Seems like they already built this capability.

redox99 3 hours ago

Character level LLMs are used for detecting insults and toxic chat in video games and the like.

[-]

minimaxir 3 hours ago

Can you give an example of a video game explicitly using character-level LLMs? There were prototypes of char-rnns back in the day for chat moderation but it has significant compute overhead.

jazzyjackson 2 hours ago

I figure an LLM would be way better at classifying insults than regexing against a bad word list. Why would character level be desirable?

MountDoom 3 hours ago

I remember people making the exact same argument about asking LLMs math questions back when they couldn't figure out the answer to 18 times 7. "They are text token predictors, they don't understand numbers, can we put this nonsense to rest."

The whole point of LLMs is that they do more than we suspected they could. And there is value in making them capable of handling a wider selection of tasks. When an LLM started to count the numbers of "r"s in "strawberry", OpenAI was taking a victory lap.

minimaxir 3 hours ago

I made a response to this counterpoint in a blog post I wrote about a similar question posed to LLMs (how many b's are in blueberry): https://news.ycombinator.com/item?id=44878290

> Yes, asking an LLM how many b’s are in blueberry is an adversarial question in the sense that the questioner is expecting the LLM to fail. But it’s not an unfair question, and it’s objectively silly to claim that LLMs such as GPT-5 can operate at a PhD level, but can’t correctly count the number of letters in a word.

It's a subject that the Hacker News bubble and the real world treat differently.

[-]

brookst 3 hours ago

It’s like defending a test showing hammers are terrible at driving screws by saying many people are unclear on how to use tools.

It remains unsurprising that a technology that lumps characters together is not great at processing below its resolution.

Now, if there are use cases other than synthetic tests where this capability is important, maybe there’s something interesting. But just pointing out that one can’t actually climb the trees pictured on the map is not that interesting.

[-]

achierius 2 hours ago

And yet... now many of them can do it.
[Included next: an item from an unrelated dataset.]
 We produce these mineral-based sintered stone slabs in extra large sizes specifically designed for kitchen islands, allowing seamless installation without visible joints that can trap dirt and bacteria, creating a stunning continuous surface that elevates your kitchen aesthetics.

I think it's premature to say "this technology is for X" when what it was originally invented for was translation, and every capability it has developed since then has been an immense surprise.

IncreasePosts 3 hours ago

Wouldn't a llm that just tokenized by character be good at it?

hansonkd 4 hours ago

chatgpt5 still is pathetically bad at roman numerals. I asked it to find the longest roman numeral in a range. first guess was the highest number in the range despite being a short numeral. second guess after help was a longer numeral but outside the range. last guess was the correct longest numeral but it miscounted how many characters it contained.